Non-protease native allergens partially purified from bodies of eight domestic mites using p-aminobenzamidine ligand

• T. Erban ^[1] ; R. Klubal ^[2]
  1. [1] Crop Research Institute

     Crop Research Institute

     Chequia

     
  2. [2] Heritage Valley Health System

     Heritage Valley Health System

     Borough of Beaver, Estados Unidos

     
• Localización: Allergologia et immunopathologia: International journal for clinical and investigate allergology and clinical immunology, ISSN-e 1578-1267, ISSN 0301-0546, Vol. 46, Nº. 3, 2018, págs. 218-225
• Idioma: inglés
• Texto completo no disponible (Saber más ...)
• Resumen

  • Background Optimised purification steps for concentrating trace target native antigens are needed. Combining the p-aminobenzamidine ligand with protease inactivation enables partial purification of mite non-protease allergens lacking proteases.

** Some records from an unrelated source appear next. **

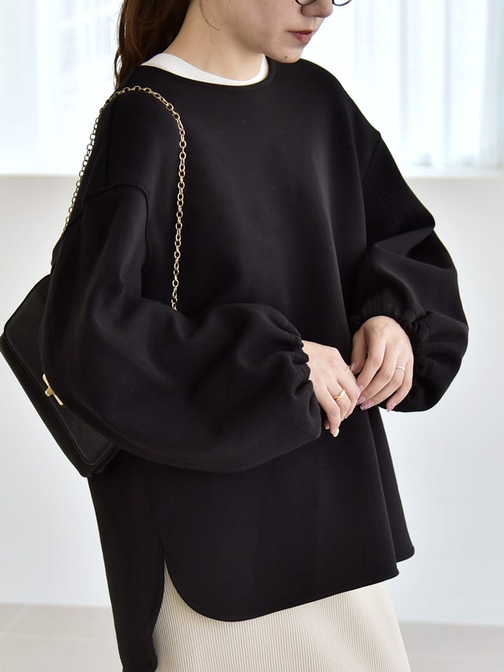 〔ONE SIZE〕quaranciel:〈洗濯機可能〉ポンチ ボリュームスリーブ ビッグ スウェット プルオーバー
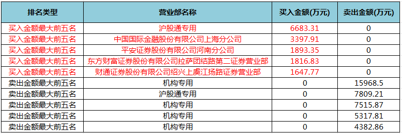 金地集团今天跌停。盘后数据显示,4个机构出现在龙虎榜单上,合计净卖出3.32亿元;沪股通专用席位买入6683.31万元,同时卖出7809.21万元;中国国际金融股份有限公司上海分公司买入3397.91万元;平安证券股份有限公司河南分公司买入1893.35万元。
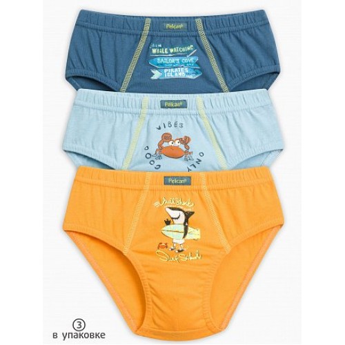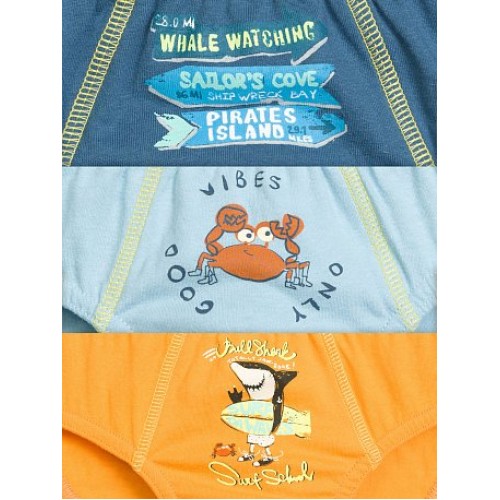 Трусы-слипы для мальчиков. Набор из 3-х трусов. Цвета: джинс, голубой, оранжевый. Центральный принт в морской тематике, декоративные строчки на передней части изделия.
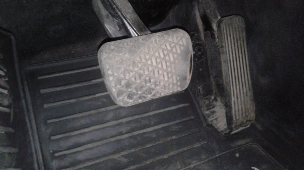 А теперь отгибаем коврик в ногах водителя.Вот обидно даже. Мог бы перекуп хотя бы плесень убрать! Уж коли с рулём и педалями не справился…
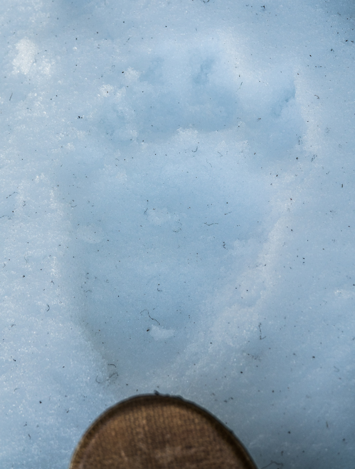 I did not go much farther before encountering a long set of tracks that crossed the lake and entered the woods.
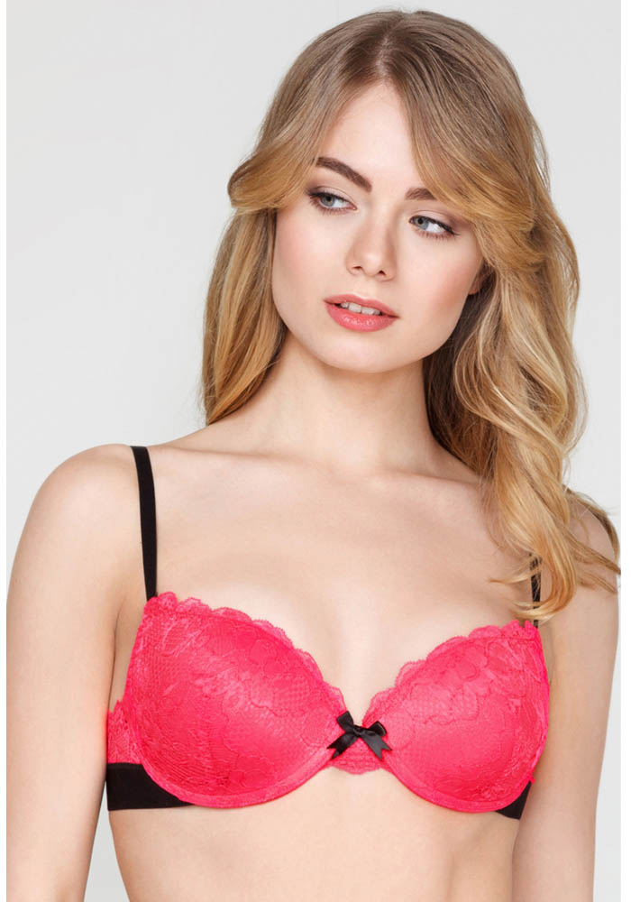 Бюстгальтер классической формы с формованной чашкой с Push-Up для размеров 70AB, 75ABC, 80B и без Push-Up для размеров 70C, 75DE, 80CDE, 85BCD. Детали бюстгальтера выполнены из эластичного кружева неонового цвета, декорированы широкой эластичной лентой. Центральная деталь декорирована атласным бантиком. Бретели эластичные, не съёмные.
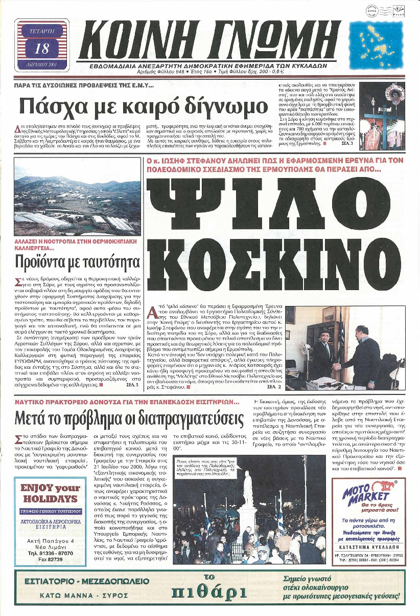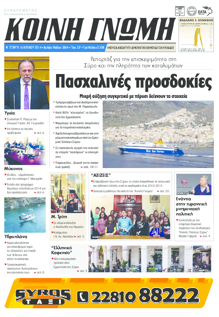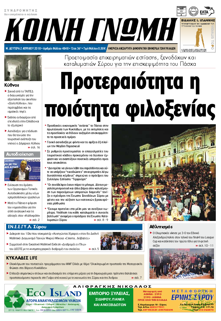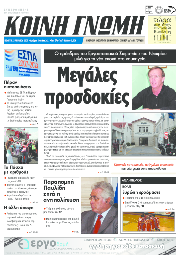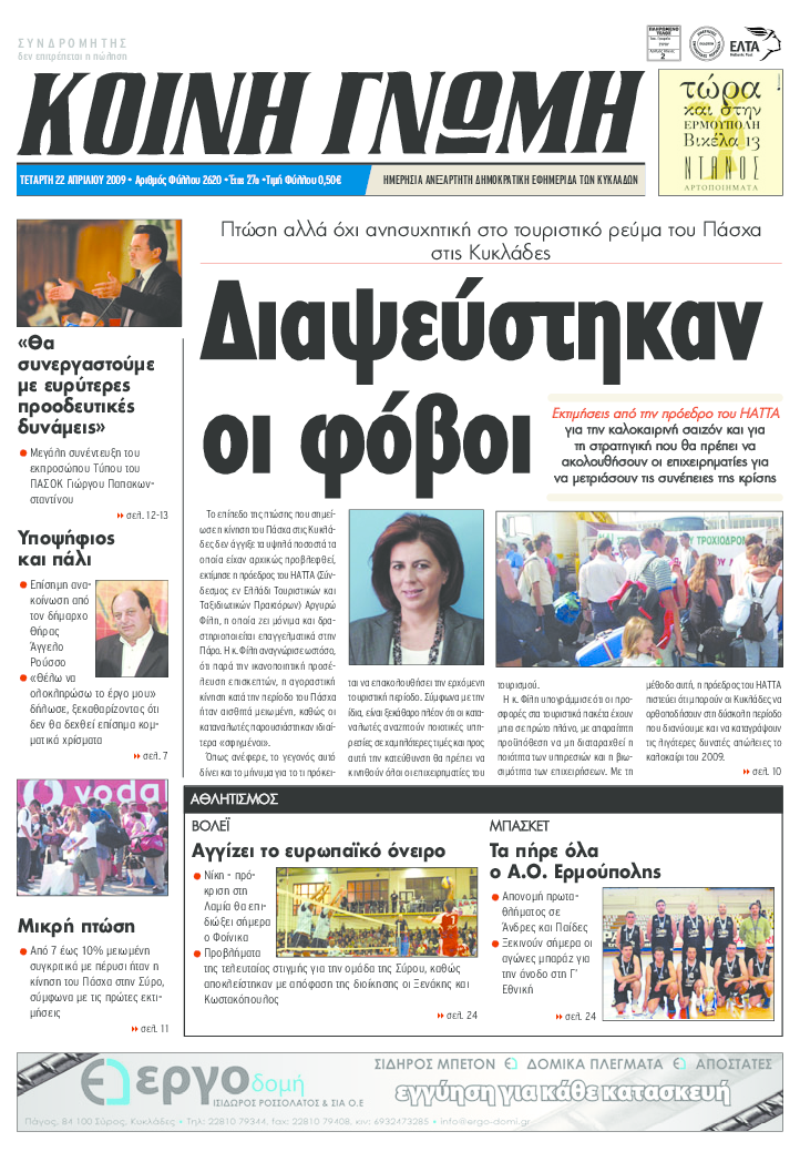 ΚΟΙΝΗ ΓΝΩΜΗ ΚΟΙΝΗ ΓΝΩΜΗ Ημερησια Εφημεριδα των Κυκλαδων
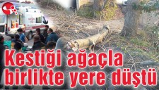 Kestiği ağaçla birlikte yere düştü
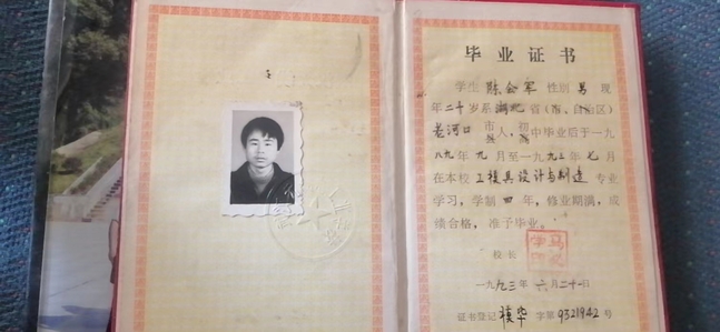 “1989年,父亲陈会军初中毕业,并以优异的成绩考入原武汉无线电工业学校模具专业89219班。父亲当年15岁,独自背着行囊,从老家老河口坐上前往武汉的客车,踏上了漫漫求学路。”

    Objective We sought to analyse in detail proteins obtained using this method from eight species of synanthropic acaridid mites and tested IgE reactivity using pooled human sera.

    Materials and methods Proteins affinity bound to p-aminobenzamidine as a ligand were identified by MALDI TOF/TOF. After electroblotting, the proteins were visualised using the fluorescent SYPRO-Ruby protein blot stain, and IgE reactivity was further analysed using pooled human sera collected from patients allergic to house dust mites.

    Results MS/MS identification confirmed previous results that no proteases were purified. Protein patterns corresponding to the allergens Der f 7, Der f 30 and actins indicated that these proteins are purified using p-aminobenzamidine and are present across a wide spectrum of acaridid mites. When using Dermatophagoides farinae, apolipophorins (Der f 14), chitinase-like Der f 15 and 18, 70-kDa heat shock protein, and a Der f Alt a10 allergen homolog (gi|37958173) were also detected. The target antigens tropomyosins and paramyosins showed similar IgE binding among the mite species tested. IgE reactivity with miscellaneous D. farinae antigen was also observed.

    Conclusions Partial purification of mite non-protease antigens using a strategy combining p-aminobenzamidine with protease inactivation was verified by 1D-E and 2D-E analyses. IgE binding to p-aminobenzamidine-purified native non-protease mite antigens was tested using pooled sera. This preliminary study allows for further work on individual serum samples, allowing confirmation of immunoreactivity.